#### What the task requires:
Copy verbatim the block of lines in the entries below whose first line contains "Schwalbe SV11 Extra" and whose last line contains "En el municipio". Leave out all other lines.

#### Material for the task:
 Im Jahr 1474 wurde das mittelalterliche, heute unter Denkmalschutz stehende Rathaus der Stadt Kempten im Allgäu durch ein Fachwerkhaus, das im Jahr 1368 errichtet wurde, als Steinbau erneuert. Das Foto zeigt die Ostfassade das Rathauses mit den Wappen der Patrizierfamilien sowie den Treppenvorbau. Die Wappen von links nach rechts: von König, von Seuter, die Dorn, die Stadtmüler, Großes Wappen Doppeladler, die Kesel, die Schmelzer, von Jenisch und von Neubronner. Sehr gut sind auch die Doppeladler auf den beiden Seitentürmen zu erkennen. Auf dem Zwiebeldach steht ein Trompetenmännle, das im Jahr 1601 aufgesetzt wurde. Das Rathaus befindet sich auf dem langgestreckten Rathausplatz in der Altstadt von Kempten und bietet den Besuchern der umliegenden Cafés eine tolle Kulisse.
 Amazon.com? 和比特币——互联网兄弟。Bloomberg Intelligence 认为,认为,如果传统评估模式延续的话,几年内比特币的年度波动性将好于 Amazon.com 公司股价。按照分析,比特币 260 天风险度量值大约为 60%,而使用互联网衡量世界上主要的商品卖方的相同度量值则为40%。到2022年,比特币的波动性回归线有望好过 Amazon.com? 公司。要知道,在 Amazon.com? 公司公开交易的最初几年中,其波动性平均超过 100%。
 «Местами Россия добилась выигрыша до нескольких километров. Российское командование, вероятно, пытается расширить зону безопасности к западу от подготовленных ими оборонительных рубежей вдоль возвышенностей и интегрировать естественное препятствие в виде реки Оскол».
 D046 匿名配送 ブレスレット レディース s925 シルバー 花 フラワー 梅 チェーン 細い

--

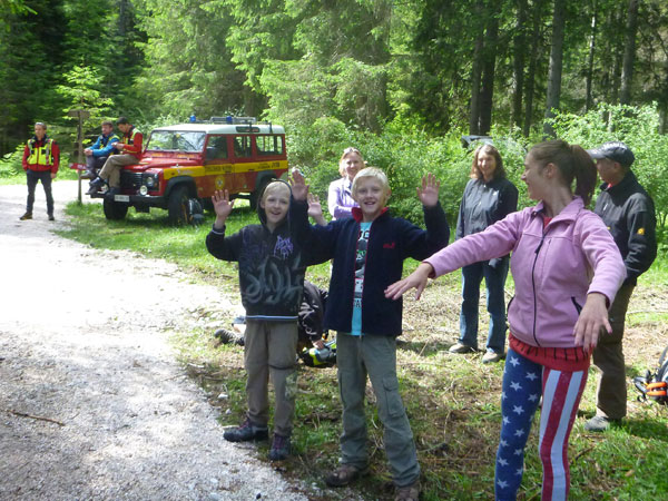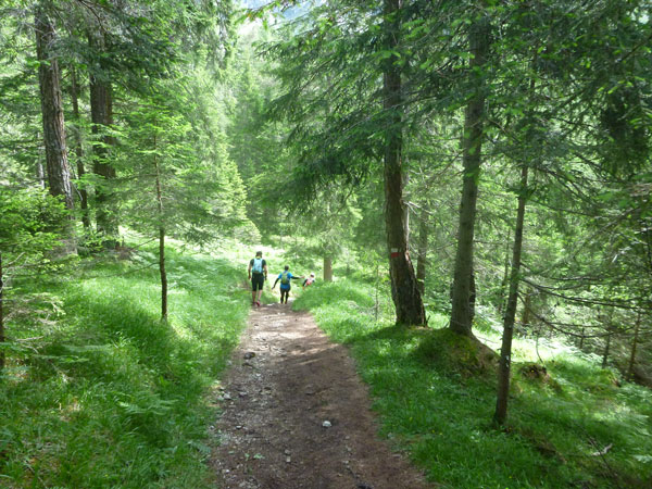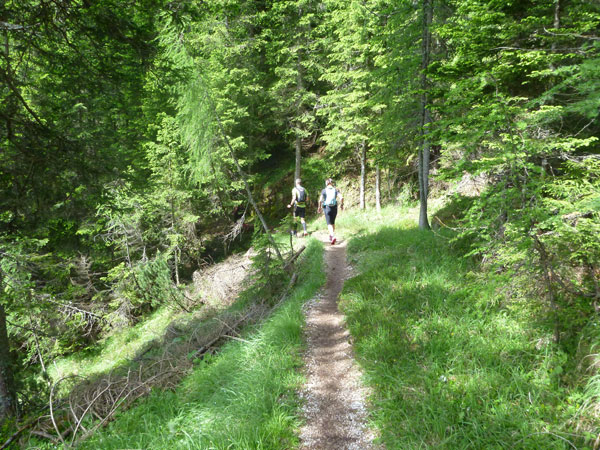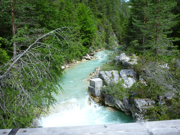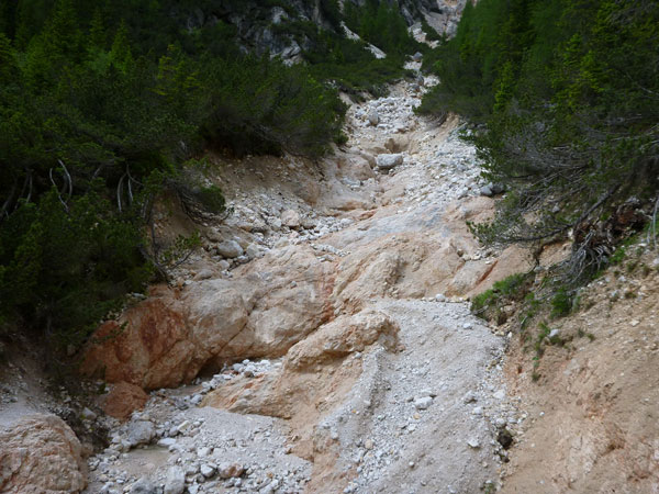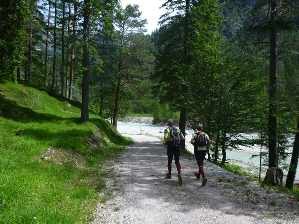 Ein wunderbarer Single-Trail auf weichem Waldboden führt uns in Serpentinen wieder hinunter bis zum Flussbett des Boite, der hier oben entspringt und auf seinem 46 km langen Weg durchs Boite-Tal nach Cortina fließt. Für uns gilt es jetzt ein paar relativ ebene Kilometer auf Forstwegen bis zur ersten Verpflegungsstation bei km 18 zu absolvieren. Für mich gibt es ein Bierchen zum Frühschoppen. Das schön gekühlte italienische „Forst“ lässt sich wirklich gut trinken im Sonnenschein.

...

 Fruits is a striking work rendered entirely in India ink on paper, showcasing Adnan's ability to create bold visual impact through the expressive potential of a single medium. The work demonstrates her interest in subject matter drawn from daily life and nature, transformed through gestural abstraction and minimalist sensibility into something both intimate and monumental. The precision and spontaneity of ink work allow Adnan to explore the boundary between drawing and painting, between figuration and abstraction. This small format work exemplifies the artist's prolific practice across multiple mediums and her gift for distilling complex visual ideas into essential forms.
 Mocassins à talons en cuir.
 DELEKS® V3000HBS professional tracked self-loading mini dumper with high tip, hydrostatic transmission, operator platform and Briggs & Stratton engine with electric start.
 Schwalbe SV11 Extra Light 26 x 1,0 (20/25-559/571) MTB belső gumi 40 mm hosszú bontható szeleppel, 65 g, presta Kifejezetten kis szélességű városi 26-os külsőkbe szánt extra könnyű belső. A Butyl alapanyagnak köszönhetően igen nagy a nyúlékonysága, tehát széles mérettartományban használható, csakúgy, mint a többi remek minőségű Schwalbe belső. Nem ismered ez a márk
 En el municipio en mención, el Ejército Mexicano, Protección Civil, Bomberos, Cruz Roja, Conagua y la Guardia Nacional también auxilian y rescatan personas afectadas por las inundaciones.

#### Output of the task:
 Schwalbe SV11 Extra Light 26 x 1,0 (20/25-559/571) MTB belső gumi 40 mm hosszú bontható szeleppel, 65 g, presta Kifejezetten kis szélességű városi 26-os külsőkbe szánt extra könnyű belső. A Butyl alapanyagnak köszönhetően igen nagy a nyúlékonysága, tehát széles mérettartományban használható, csakúgy, mint a többi remek minőségű Schwalbe belső. Nem ismered ez a márk
 En el municipio en mención, el Ejército Mexicano, Protección Civil, Bomberos, Cruz Roja, Conagua y la Guardia Nacional también auxilian y rescatan personas afectadas por las inundaciones.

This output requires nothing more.